Cloning of human canstatin gene, expression and purification of its recombinant protein / 解放军医学杂志

ABSTRACT

Objective To clone human canstatin gene, construct its prokaryotic expression vector, express and purify its recombinant protein. Methods The total RNA was extracted from human placenta tissues. The canstatin gene fragment was synthesized and amplified from the total RNA by RT-PCR. The resulting product was cloned into pUCm-T vector and sequenced. Then the confirmed canstatin cDNA was cloned into plasmid pET-22b(+) and then transformed into E.coli BL21 where it was induced to express proteins by isopropyl-1-thio-b-Dgalactopyranoside (IPTG). The expression of protein was analyzed through SDS-PAGE. Cells after induced 3 hours by IPTG were harvested, sonicated briefly and the proteins were purified through affinity chromatography.
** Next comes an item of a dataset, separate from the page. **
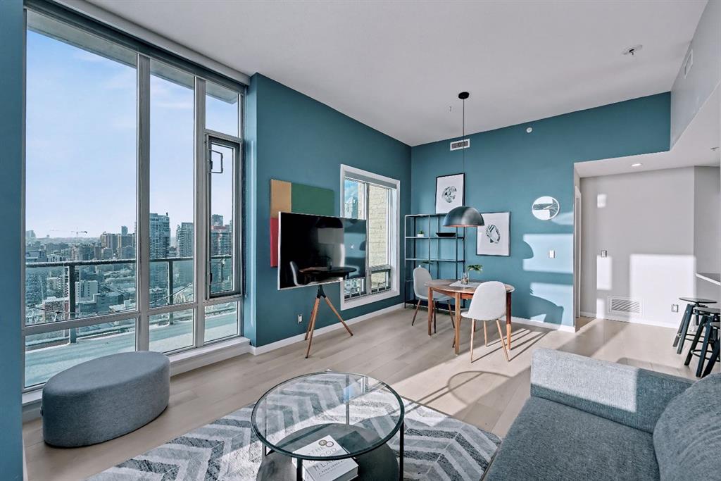 Upgraded 2 bedroom, 2 bathroom condo in the heart of Victoria Park, offering southwest corner 22nd-floor panoramic views of the Stampede Grounds, Elbow River, MOUNTAINS, and downtown. Bright, open-concept layout with OVER 10’ CEILINGS, FLOOR-TO-CEILING WINDOWS filling the space with natural light, updated paint and flooring, and a modern kitchen featuring granite counters, full-height cabinetry, white tile backsplash, and updated stainless steel appliances. Bedrooms on opposite sides include a primary with 4-piece ensuite, plus additional storage for convenience. Enjoy a private patio with GAS BBQ HOOKUP—perfect for outdoor entertaining. In-unit laundry, STORAGE, heated secured UNDERGROUND TITLED PARKING with bike rack, and access to a fitness facility, sauna, hot tub, and social room. Steps to C-Train, shopping, restaurants, and the Scotiabank Saddledome.

Results (1)The extracted total RNA was separated into three clear bands indicating 28S, 18S, and 5S after electrophoresis and the concentration was 1.8 g/L. (2)The target sequences were specifically amplified through RT-PCR. (3)The purified RT-PCR product was cloned into pUCm-T vector and then sequenced, demonstrating to be the same as that of canstatin gene in GenBank. (4) the expression vector pET-22b(+) was constructed and verified by the method of BamH Ⅰ and Hind Ⅲ digestion. (5) After IPTG induction, there was a new protein band about Mr 24kD on SDS-PAGE. The percent expressed product over total bacterial proteins after 1, 2, 3, and 4 hours of induction was 18.2%, 18.8%, 23.0% and 23.4%, respectively, estimated by densitometry. (6)After affinity chromatography, SDS-PAGE showed only one clear band existed in 125 mmol/L or 250 mmol/L imidizone elution. Conclusion Human canstatin gene has been successfully cloned and its prokaryotic expression vector has also been successfully constructed. Further more, purified recombinant proteins are obtained through affinity chromatography, laying foundation for further study of its clinical application.